**Work to complete**
All of the records below should be retyped exactly, with no pictures included.

Recorded data:
########################################
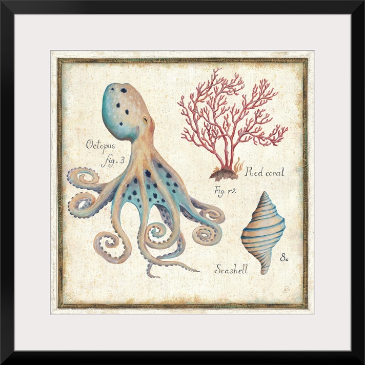Art Daphne Brissonnet Wildlife Decorative Art Painting Shells Marine Life Coral Octopus and Squid
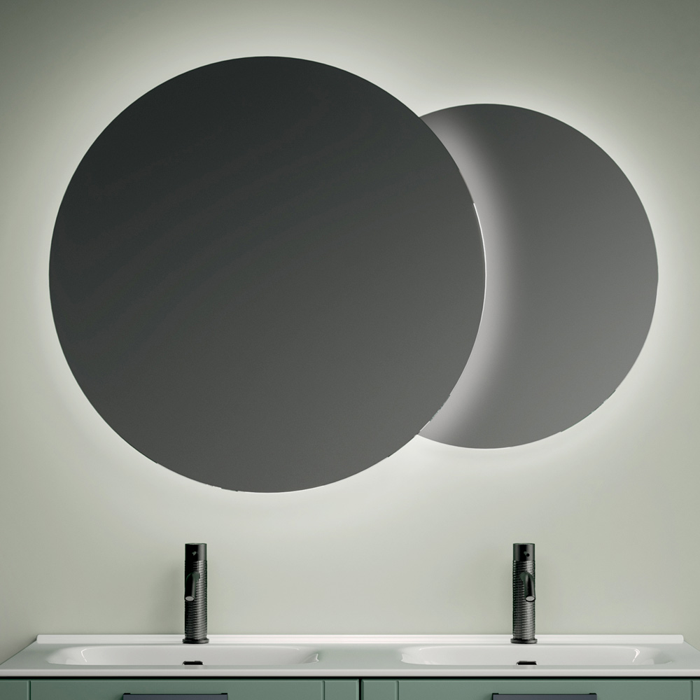 The backlit round mirrors complete the composition with a suggestive lighting effect, amplifying the perception of space and creating an enveloping and contemporary atmosphere.
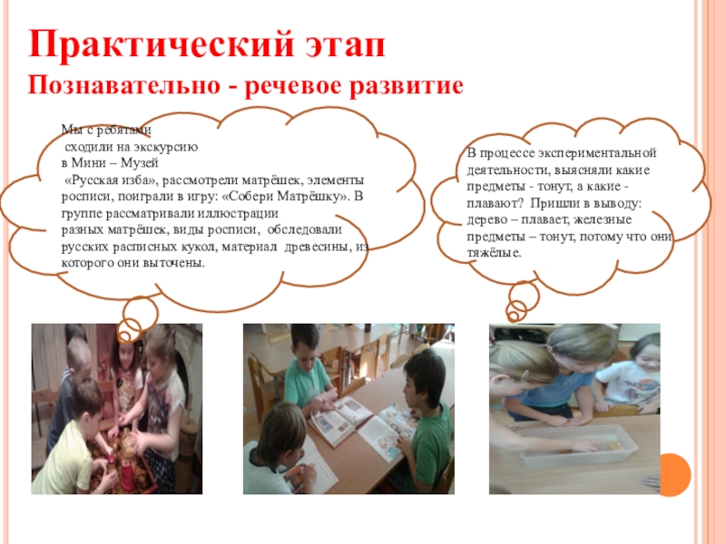3. В процессе экспериментальной деятельности научились анализировать , делать выводы: (Дерево не тонет – плавает; железо – тонет, оно – тяжёлое; дерево легче железа).
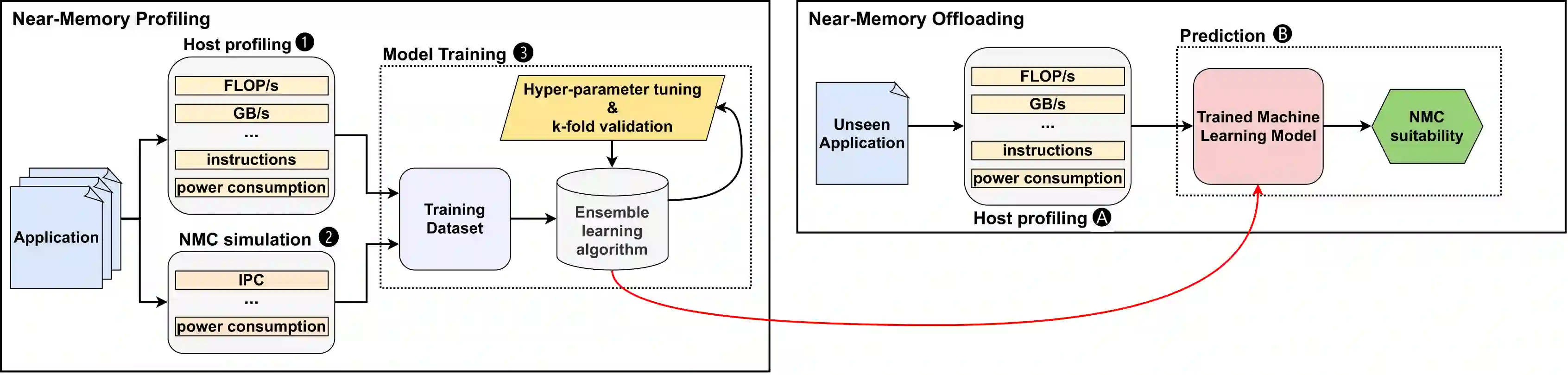 Real-world applications are now processing big-data sets, often bottlenecked by the data movement between the compute units and the main memory. Near-memory computing (NMC), a modern data-centric computational paradigm, can alleviate these bottlenecks, thereby improving the performance of applications. The lack of NMC system availability makes simulators the primary evaluation tool for performance estimation. However, simulators are usually time-consuming, and methods that can reduce this overhead would accelerate the early-stage design process of NMC systems. This work proposes Near-Memory computing Profiling and Offloading (NMPO), a high-level framework capable of predicting NMC offloading suitability employing an ensemble machine learning model. NMPO predicts NMC suitability with an accuracy of 85.6% and, compared to prior works, can reduce the prediction time by using hardware-dependent applications features by up to 3 order of magnitude.
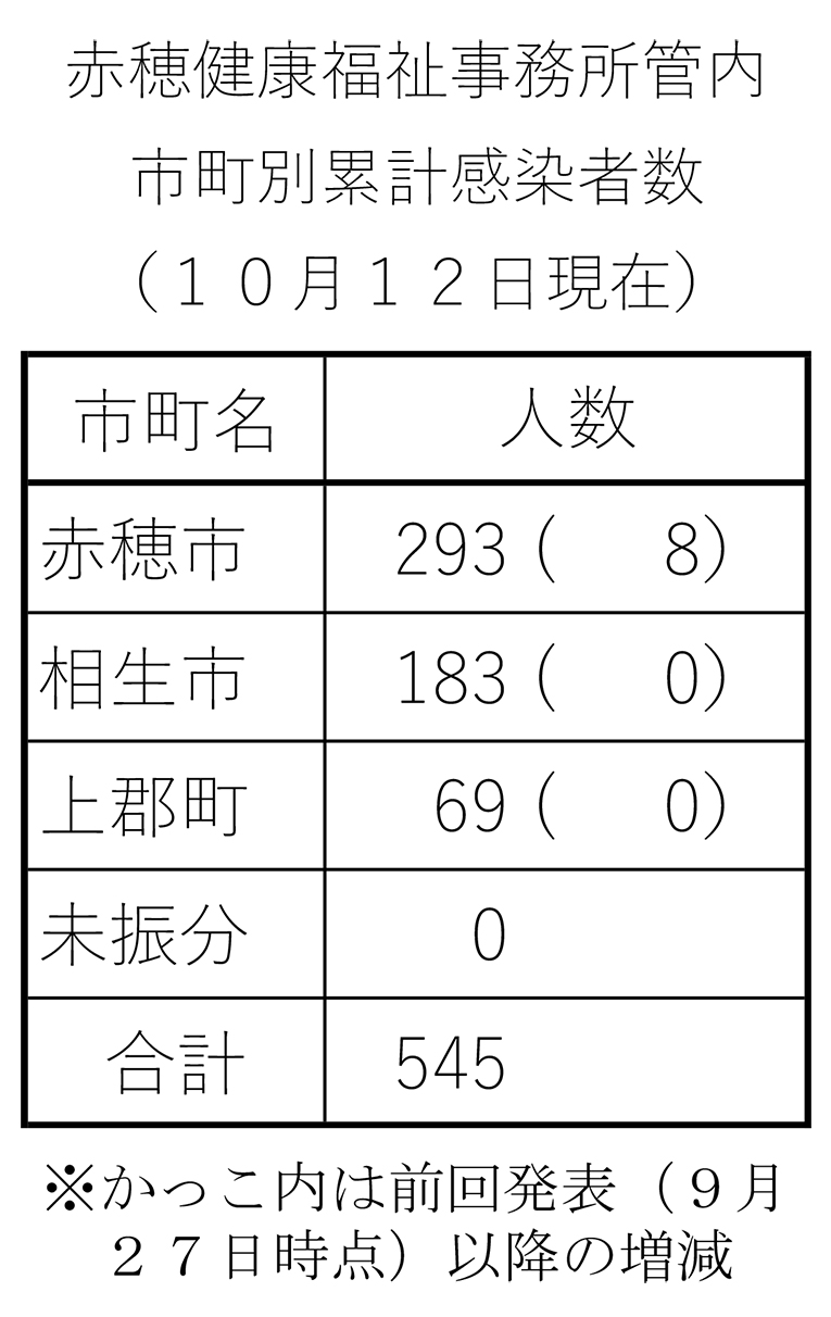 赤穂市居住の陽性者数は293人。前回発表時点では居住市町が振り分けられていなかった6人と前回発表以降に陽性が確認された2人が加わった。相生市と上郡町は増加がなかった。
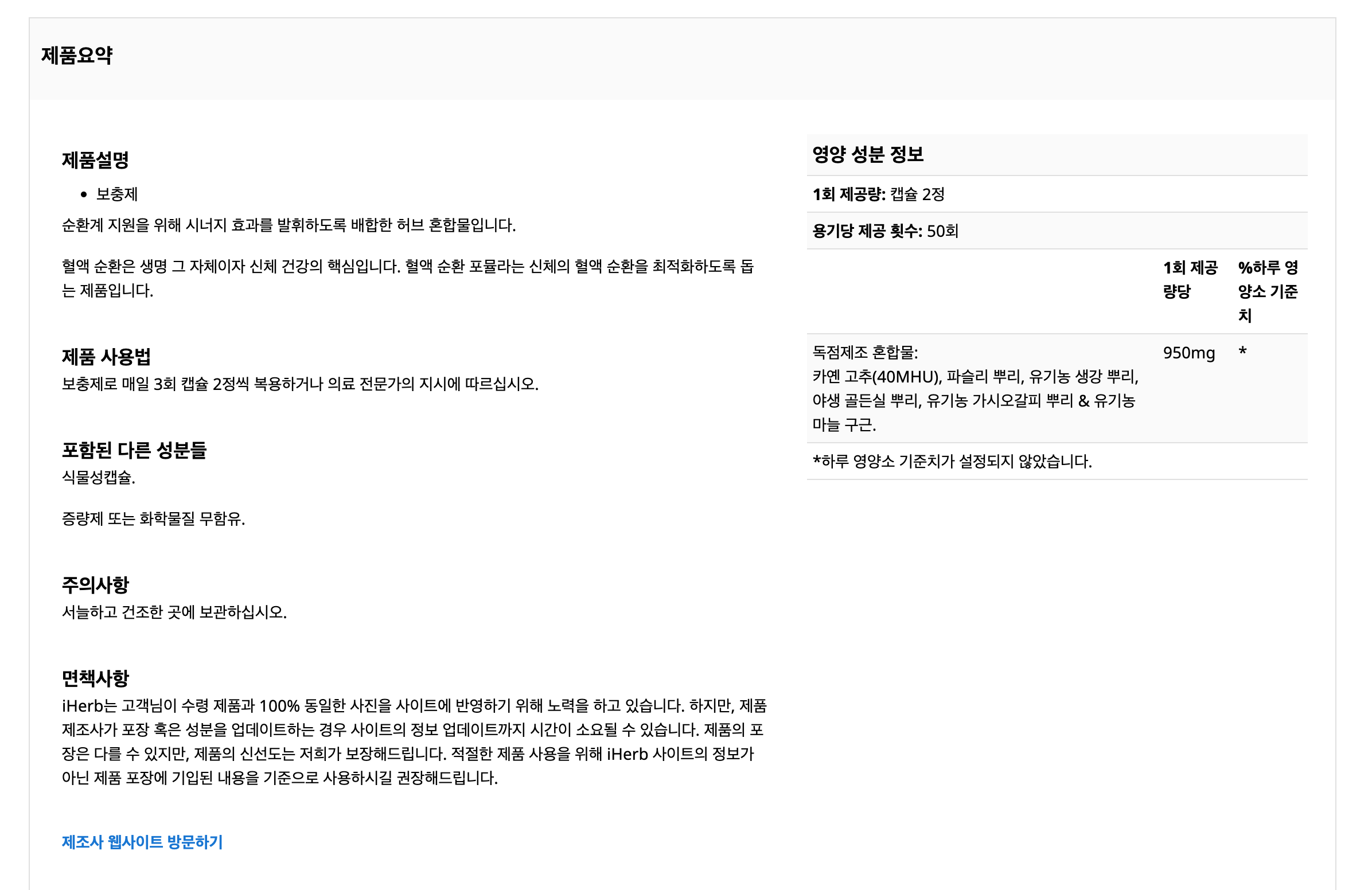 이 영양제에 대한 정보도 위쪽은 아이허브에서 나와있는 정보를 캡처해서 올려놓은 거고 아래쪽은 쿠팡에서 제공되는 정보입니다.
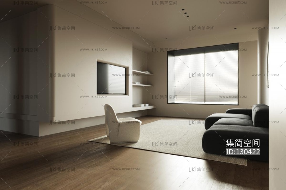 客餐厅现代客厅橱柜电视背景墙,奶油风休闲椅3d模型下载
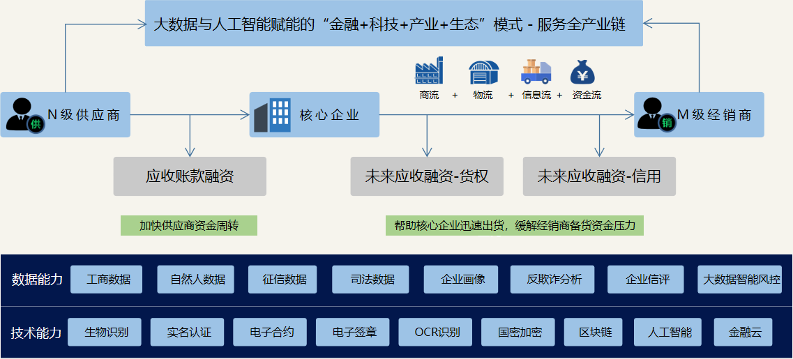 依托區(qū)塊鏈、大數(shù)據(jù)、人工智能等技術(shù),核心企業(yè)基于自身對上下游的真實貿(mào)易背景, 實現(xiàn)信用多級可信流轉(zhuǎn);實現(xiàn)四流合一,保證底層資產(chǎn)真實性、有效性、完整性, 風(fēng)險可控,降低融資成本,全線上化融資。
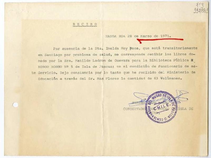 [Recibo] 1971 marzo 28, Hanga Roa [manuscrito] Sergio Rapu Haoa.
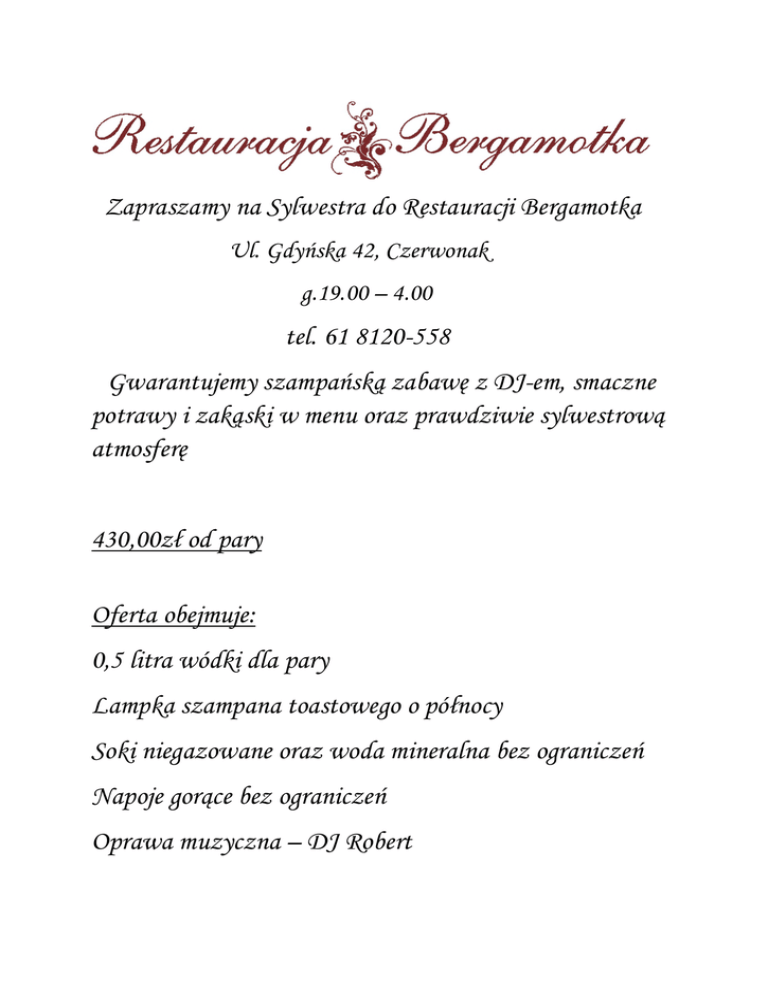 Zapraszamy na Sylwestra do Restauracji Bergamotka Ul. Gdyńska 42, Czerwonak g.19.00 – 4.00 tel. 61 8120-558 Gwarantujemy szampańską zabawę z DJ-em, smaczne potrawy i zakąski w menu oraz prawdziwie sylwestrową atmosferę 430,00zł od pary Oferta obejmuje: 0,5 litra wódki dla pary Lampka szampana toastowego o północy Soki niegazowane oraz woda mineralna bez ograniczeń Napoje gorące bez ograniczeń Oprawa muzyczna – DJ Robert Menu sylwestrowe Rukola z opiekaną fetą w orzechach laskowych i mango w lekkim dressingu Przystawka: zupa serowa z kurczakiem na białym winie z chmurką mascarpone i pestkami dyni Zupa: wołowina faszerowana borowikami i czosnkiem podana z kluskami śląskimi, buraczkami i pieczoną papryką Danie ciepłe: Deser: czekoladowe ciasteczko z lodami śmietankowymi i sosem wiśniowym Zakąska 3 porcje/osoba: Timbalki Rostbef po angielsku podany z chrzanem Szparagi zawinięte w szynkę podane na sałatce jarzynowej Pasztet z sosem cumberland Koreczki śledziowe Schab z podgrzybkami otulony szynką parmeńską Pierś z kurczaka z brokułami Świeże sałaty z dressingiem Kolacja ciepła podana ok. 2.00 Barszcz czerwony Flaczki Golonka gotowana Udko faszerowane suszonymi pomidorami ,szpinakiem oraz serem gorgonzola
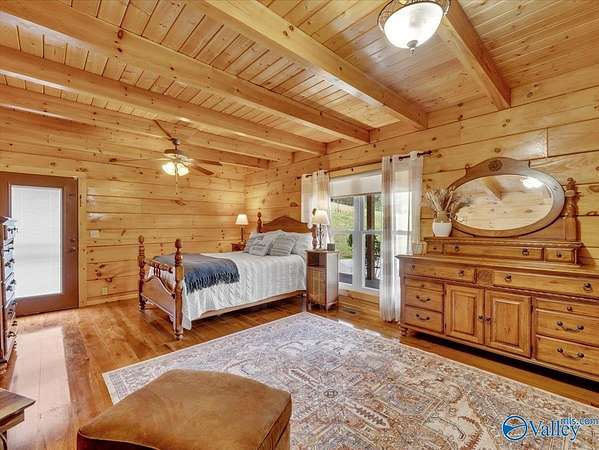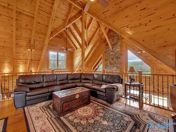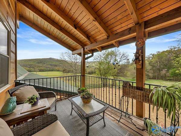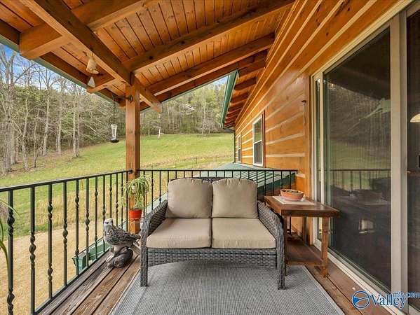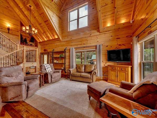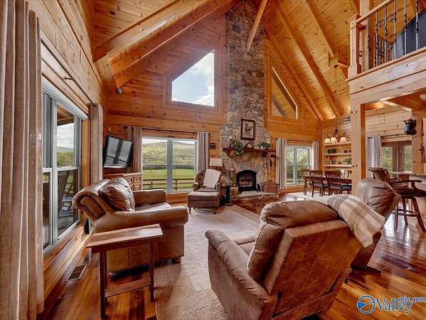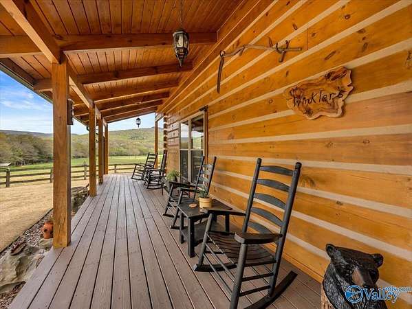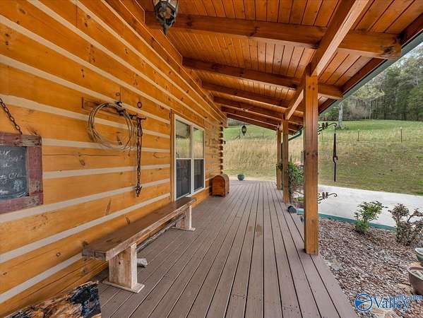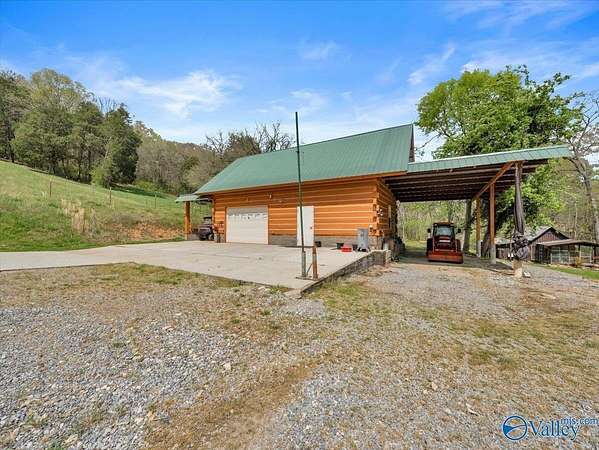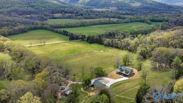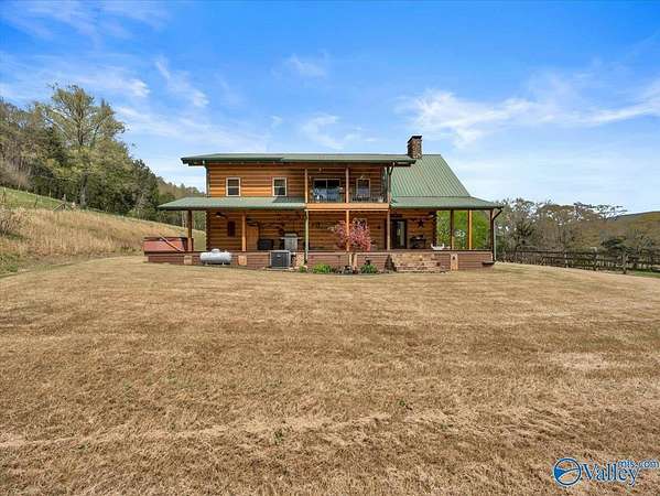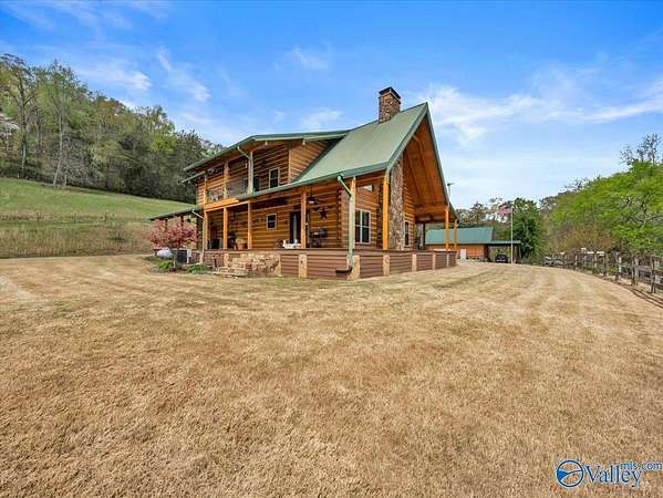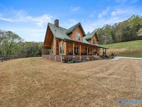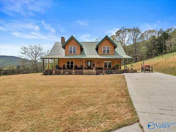 Tucked away in scenic Estill Fork, Alabama, this meticulously maintained custom log cabin offers the perfect blend of craftsmanship and outdoor living. Built from kiln-dried white pine logs from North Carolina, the home features hardwood floors throughout, custom granite countertops, beautiful bay windows, a wraparound porch, and a hot tub with sweeping views. The land offers sloped mountain terrain, flat pasture, abundant deer and turkey hunting, and Paint Rock River frontage for excellent fishing and swimming. Detached garage/workshop, wood-burning furnace, and heat pump complete this rare retreat. Enjoy the beautiful scenic commute to Huntsville, Scottsboro or Guntersville!
########################################
**Reply to the exercise**
Art Daphne Brissonnet Wildlife Decorative Art Painting Shells Marine Life Coral Octopus and Squid
 The backlit round mirrors complete the composition with a suggestive lighting effect, amplifying the perception of space and creating an enveloping and contemporary atmosphere.
3. В процессе экспериментальной деятельности научились анализировать , делать выводы: (Дерево не тонет – плавает; железо – тонет, оно – тяжёлое; дерево легче железа).
 Real-world applications are now processing big-data sets, often bottlenecked by the data movement between the compute units and the main memory. Near-memory computing (NMC), a modern data-centric computational paradigm, can alleviate these bottlenecks, thereby improving the performance of applications. The lack of NMC system availability makes simulators the primary evaluation tool for performance estimation. However, simulators are usually time-consuming, and methods that can reduce this overhead would accelerate the early-stage design process of NMC systems. This work proposes Near-Memory computing Profiling and Offloading (NMPO), a high-level framework capable of predicting NMC offloading suitability employing an ensemble machine learning model. NMPO predicts NMC suitability with an accuracy of 85.6% and, compared to prior works, can reduce the prediction time by using hardware-dependent applications features by up to 3 order of magnitude.
 赤穂市居住の陽性者数は293人。前回発表時点では居住市町が振り分けられていなかった6人と前回発表以降に陽性が確認された2人が加わった。相生市と上郡町は増加がなかった。
 이 영양제에 대한 정보도 위쪽은 아이허브에서 나와있는 정보를 캡처해서 올려놓은 거고 아래쪽은 쿠팡에서 제공되는 정보입니다.
 客餐厅现代客厅橱柜电视背景墙,奶油风休闲椅3d模型下载
 依托區(qū)塊鏈、大數(shù)據(jù)、人工智能等技術(shù),核心企業(yè)基于自身對上下游的真實貿(mào)易背景, 實現(xiàn)信用多級可信流轉(zhuǎn);實現(xiàn)四流合一,保證底層資產(chǎn)真實性、有效性、完整性, 風(fēng)險可控,降低融資成本,全線上化融資。
 [Recibo] 1971 marzo 28, Hanga Roa [manuscrito] Sergio Rapu Haoa.
 Zapraszamy na Sylwestra do Restauracji Bergamotka Ul. Gdyńska 42, Czerwonak g.19.00 – 4.00 tel. 61 8120-558 Gwarantujemy szampańską zabawę z DJ-em, smaczne potrawy i zakąski w menu oraz prawdziwie sylwestrową atmosferę 430,00zł od pary Oferta obejmuje: 0,5 litra wódki dla pary Lampka szampana toastowego o północy Soki niegazowane oraz woda mineralna bez ograniczeń Napoje gorące bez ograniczeń Oprawa muzyczna – DJ Robert Menu sylwestrowe Rukola z opiekaną fetą w orzechach laskowych i mango w lekkim dressingu Przystawka: zupa serowa z kurczakiem na białym winie z chmurką mascarpone i pestkami dyni Zupa: wołowina faszerowana borowikami i czosnkiem podana z kluskami śląskimi, buraczkami i pieczoną papryką Danie ciepłe: Deser: czekoladowe ciasteczko z lodami śmietankowymi i sosem wiśniowym Zakąska 3 porcje/osoba: Timbalki Rostbef po angielsku podany z chrzanem Szparagi zawinięte w szynkę podane na sałatce jarzynowej Pasztet z sosem cumberland Koreczki śledziowe Schab z podgrzybkami otulony szynką parmeńską Pierś z kurczaka z brokułami Świeże sałaty z dressingiem Kolacja ciepła podana ok. 2.00 Barszcz czerwony Flaczki Golonka gotowana Udko faszerowane suszonymi pomidorami ,szpinakiem oraz serem gorgonzola
 Tucked away in scenic Estill Fork, Alabama, this meticulously maintained custom log cabin offers the perfect blend of craftsmanship and outdoor living. Built from kiln-dried white pine logs from North Carolina, the home features hardwood floors throughout, custom granite countertops, beautiful bay windows, a wraparound porch, and a hot tub with sweeping views. The land offers sloped mountain terrain, flat pasture, abundant deer and turkey hunting, and Paint Rock River frontage for excellent fishing and swimming. Detached garage/workshop, wood-burning furnace, and heat pump complete this rare retreat. Enjoy the beautiful scenic commute to Huntsville, Scottsboro or Guntersville!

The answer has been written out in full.